Vice President of the Supreme Court
- Incumbent
- Assumed office 1 October 2021
- Preceded by: Elena Highton de Nolasco

Minister of the Supreme Court
- Incumbent
- Assumed office 22 August 2016
- Nominated by: Mauricio Macri
- Preceded by: Carlos Fayt

President of the Supreme Court
- In office 1 October 2018 – 1 October 2021
- Preceded by: Ricardo Lorenzetti
- Succeeded by: Horacio Rosatti

Personal details
- Born: Carlos Fernando Rosenkrantz October 27, 1958 (age 67) Buenos Aires, Argentina
- Party: Radical Civic Union
- Spouse: Agustina Cavanagh y Coelho
- Alma mater: University of Buenos Aires (LLB) Yale University (PhD)
- Profession: Lawyer

= Carlos Rosenkrantz =

Argentine judge

Carlos Fernando Rosenkrantz (born 27 October 1958) is an Argentine lawyer and a member of the Supreme Court of Argentina since 2016, nominated by Mauricio Macri. He served as president of the court from 2018 to 2021, and currently serves as vice president of the court.

==Biography==
Rosenkrantz was born in Buenos Aires. His father was a Jewish-Polish immigrant and his mother a teacher from Corrientes Province.

He studied law at the University of Buenos Aires and later in the United States thanks a Fulbright Scholarship.

He was rector of the University of San Andrés.

== Education ==
He received a lawyer in 1983 from the University of Buenos Aires and in 1987 he made a Master of Laws at Yale University.

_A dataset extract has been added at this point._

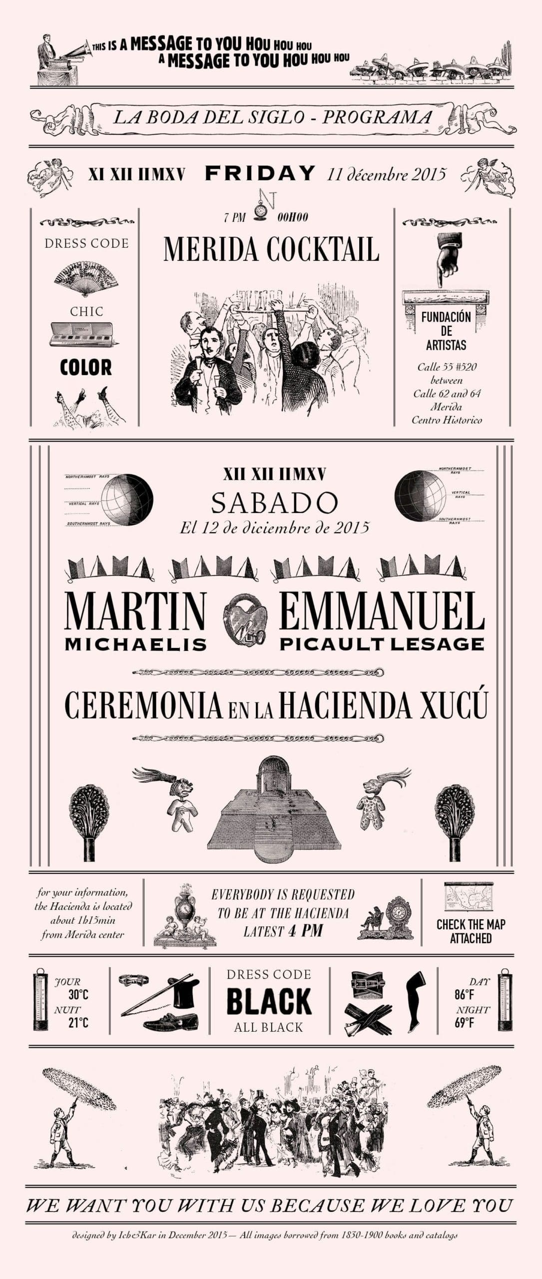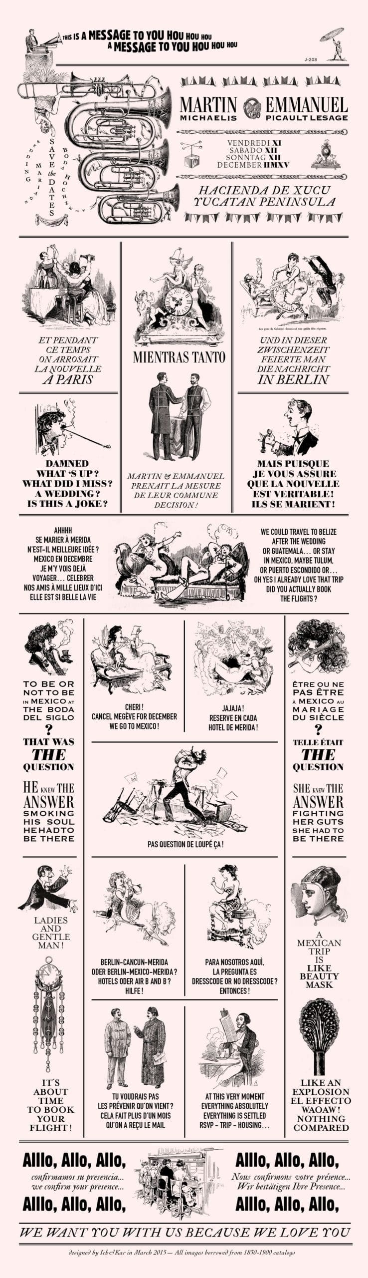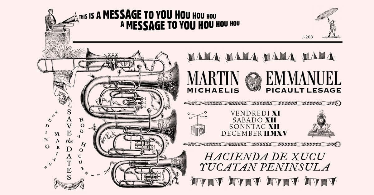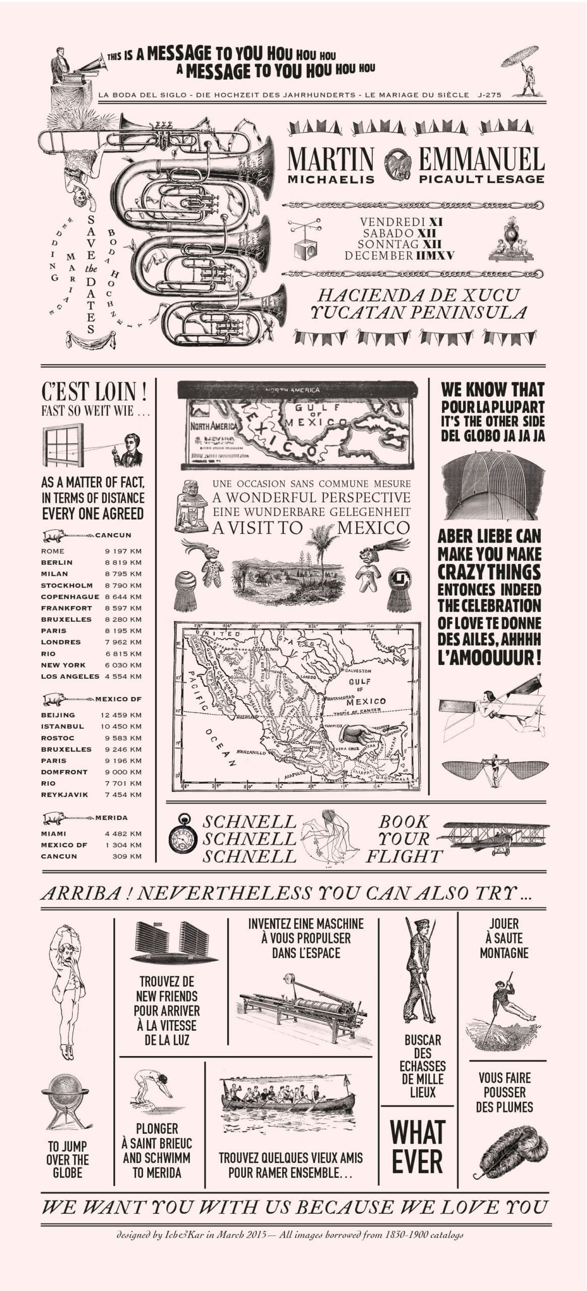 Martin Michaelis et Emmanuel Picault se marient. Tous deux vivent au Mexique, Emmanuel depuis plus de vingt ans, Martin l’y a rejoint il y a peut-être deux ou trois ans. Leurs amis viennent du monde entier: France, Allemagne, Suède, Italie, Islande, Amérique… il fallait donc un faire-part polyglotte, un faire-part qui donne envie de faire le voyage… Ensemble nous avons décidé que nous utiliserions le mail, que nous reviendrons à la charge deux ou trois fois avec de petites histoires surréalistes, amies lointaines des histoires pensées pour le sketch… une poésie exotique pour un mariage enflammé en somme !

Two years later he received a doctorate from the same university.

== Legal Study ==
Together with Gabriel Bouzat he headed an important Argentine legal firm, called Bouzat, Rosenkrantz & Asociados. It recognizes among its clients Cablevisión, Grupo Clarín, La Nación, La Rural S.A., YPF, the Yaciretá Binational Entity, the province of Santa Fe and the province of Corrientes.

== San Andres University ==
In June 2008 he assumed as rector of the University of San Andrés until December 2015.

== Books ==
"The issues of Federalism: Analysis of the constitutional reform from the perspective of comparative federalism," with Jorge E. Douglas Price.

"Non-contractual liability: Where Philosophy, Law and Economics come together."

"Trust and Law in Latin America", with Marcelo Bergman.

"Tribute to Carlos S. Nino", with Marcelo Alegre and Roberto Gargarella.

"Legal Reasoning, Law Science and Democracy in Carlos Nino", with Rodolfo Vigo.

== Distinctions ==
He received the gold medal in 1975 at the National School Domingo F. Sarmiento in Buenos Aires. He was championed in 1983 of the Faculty of Law of the University of Buenos Aires with a Final Average of 9.42. In 2016 he received the Konex Prize for the Humanities for the period 2006–2015, in the discipline "Theory and Philosophy of Law".